Thank you, Mitt Romney, for voting your conscience, truth, and your faith, above party. I respect that very much.
And I know there are Democratic Senators who will get penalized by constituents who support Trump, and to the extent you also were basing your vote on conscience and truth and not simply voting with the party for its own sake, I applaud you.
I don’t like and don’t believe in party politics.
So if you happen to think justice was done – you believe Trump should have been acquitted (as he was) or perhaps that he shouldn’t have been impeached at all (which he also was)… I just have to ask this little thought experiment:
- If Obama had done the same things in his tenure as President, would you still think that way, or would you have believed in that case that he should be the hell out of the Oval Office?
- In an alternate universe where Hillary was currently President, if she was doing exactly the same things, would you still think they are right or at least unimpeachable? Or would you be screaming Lock Her Up?

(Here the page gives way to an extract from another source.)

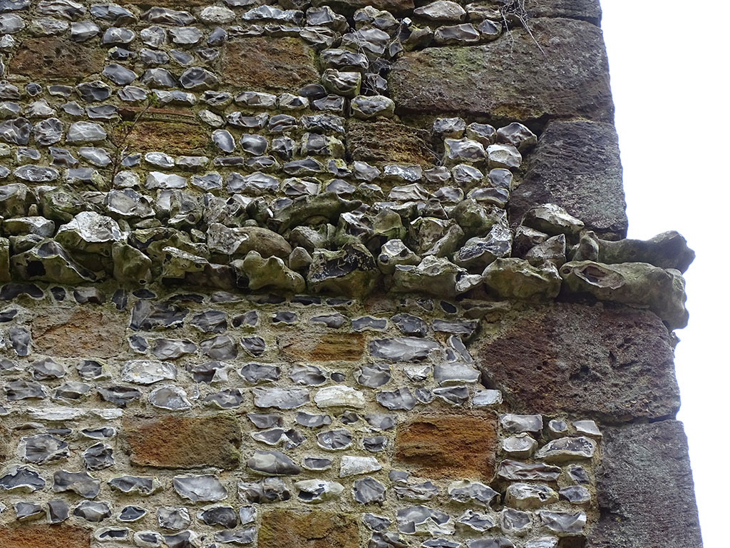 Consolidation of top of decayed tower and rebuild collapsed quoins and flint infill matching the existing

Or are things only wrong when “the other team” does them?
I’m genuinely asking that question… not being snarky. As a person who doesn’t believe in “team” politics, I’m puzzled.
Maybe I am hopelessly wrong. But I think that I process the world like it’s one America. (Though I know I can turn on Fox News and see a completely alternative set of reporting of events than if I watch pretty much every other news source in the world. It’s actually a fascinating thing to watch. But if you’re only watching one or the other, I don’t believe you’re getting the whole story. About pretty much anything. Or about why the next person over is interpreting things so differently.)
Anyway. I process the world like we’re at least supposed to be one country. Like rule of law matters. Like the President and Congress and Supreme Court are supposed to govern for good of the whole country, not just the half+ they think agree with them, and not just for the voters and businesses and PACs that can literally afford to give time and money to their support… but also for the people who disagree, for the people who are tied up just trying to make a life, feed, house, provide care for themselves and their families.
That is the America I believe in.
And the Americans I believe in want to get ahead: to live their lives and for their families to thrive and for their kids to succeed. But they want that for their neighbors too. They want that for themselves and for other Americans across town or across the country. They might disagree on how best to accomplish that but they want the same things foundationallly.
And if that’s true, then “the other side” is still just people. Not demons from hell. Not snowflakes and libtards, and not unfeeling monsters. Just people, made by God, deserving of being treated with human dignity (not name-calling – regardless of political party, race, creed, color or gender), and with needs and hopes and dreams not so unlike our own. People with different ideas, perhaps. People who might be wrong about some things (and it’s all too easy to assume they are wrong about the things on which we disagree) … but also might be right about some things (maybe even things on which we disagree). Maybe we’d learn from each other if we were listening. Maybe together we’d come up with new solutions, not to one side or the other, but something in the middle.
I dunno. Maybe I only think that because I am in the middle.
And maybe I’m alone there.
I don’t know where we go from here. But I am very concerned about the future of this nation, and that’s what I’m praying a lot about of late.
If you’re a person of prayer, I hope you’ll pray with me.
If you think I’m dead wrong — about this or pretty much anything else – well, I hope you will pray for me.
May the truth prevail.
And may the Truth prevail.
Come, Lord Jesus.
*Actually I hope most of them lose their jobs in the near future. Though I desperately hope that’s because their constituents fire them and send them home, not because our nation crumbles.